No event carries any payload. Subscribers have access to the current cell's `value` along with its `row` and `column` number via the emitter's properties.

So, each one chunk of a CSV source is processed synchronously. Parsing а huge text at once may lead to a considerable performance degradation. In applications, using [CSVReader](https://github.com/do-/node-csv-events/wiki/CSVReader) or a similar streaming wrapper is strongly encouraged.

# Constructor Options
|Name|Default value|Description|
|-|-|-|
|`mask`|`0`|Bit mask of required fields, `0` means 'all'|
|`delimiter`|`','`|Column delimiter|
|`empty`|`null`|The `value` corresponding to zero length cell content|
|`emptyDoc`|`\r\n`|If this equals the complete CSV text, no event is emitted at all|
|`maxLength`|1e6|The maximum `buf.length` allowed (inherently, the maximum length of `write` and `end` arguments)|

# Events
|Name|Payload|Description|
|-|-|-|
|`c`|`column`| Emitted for each cell which number satisfies `mask` when its content is available (via `value` and `raw` properties, see below)|
|`r`| | Emitted for each row completed|

# Properties
|Name|Type|Description|
|-|-|-|
|`unit`|Number or Bigint|`1` corresponding to `mask` by type|
|`row`|BigInt|Number of the current row: `0n` for the CSV header, if present|
|`column`|Number|Number of the current column, `0` based|
|`index`|Number or Bigint|Single bit mask corresponding to `column` (2**column)|
|`buf`|String|The internal buffer containing unparsed portion of the text gathered from `write` arguments|
|`from`|Number|Starting position of the current cell in `buf`|
|`to`|Number|Ending position of the current cell in `buf`|
|`raw`|String|Verbatim copy of `buf` between `from` and `to`, except row delimiters (computed property)|
|`value`|String|Unquoted `raw`, replaced with `empty` for an unquoted zero length string (computed property)|

# Methods
## `end ([s])`
A wrapper for `write (s)` (see below) called for the last text portion `s` or without arguments which means `s === ''`.

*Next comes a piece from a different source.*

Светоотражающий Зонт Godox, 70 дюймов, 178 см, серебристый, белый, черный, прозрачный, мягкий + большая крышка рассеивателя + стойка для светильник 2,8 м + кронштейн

Guarantees the last CSV line parsed to be `'\n'` terminated.

## `write (s)`
Appends `s` to the internal buffer and emits all events for its parseable part, unless `maxLength` is exceeded in wich case an error is thrown.

The unparsed text is keept buffered.

# Limitations
## Line Breaks
`CSVEventEmitter` always recognizes both:
* `CRLF` (`'\r\n'`, RFC 4180, Windows style) and
* `LF` (`'\n'`, UNIX style)

as line breaks without explicit option setting.

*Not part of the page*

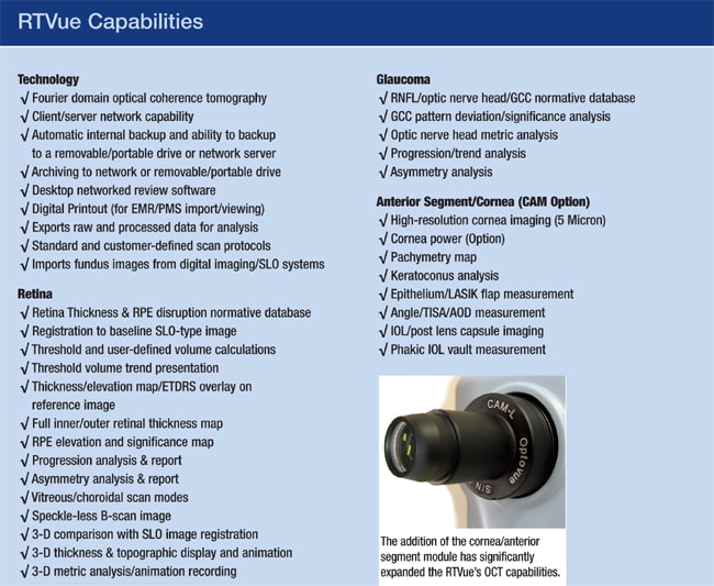 ■ Updated information on new RTVue software that features live image-quality feedback during scanning acquisition to improve image quality, functionality and analysis in 3-D scans

There is no way to apply `CSVEventEmitter` directly to texts generated with MacOS pre-X, Commodore, Amiga etc. neither any plans to implement such compatibility features.

## CSV Validity
`CSVEventEmitter` doesn't make any attempt to restore data from broken CSV source. So, a single unbalanced double quote will mess up the rest of file.

The best `CSVEventEmitter` can do in such case is not to waste too much memory by keeping its internal buffer limited with `maxLength`.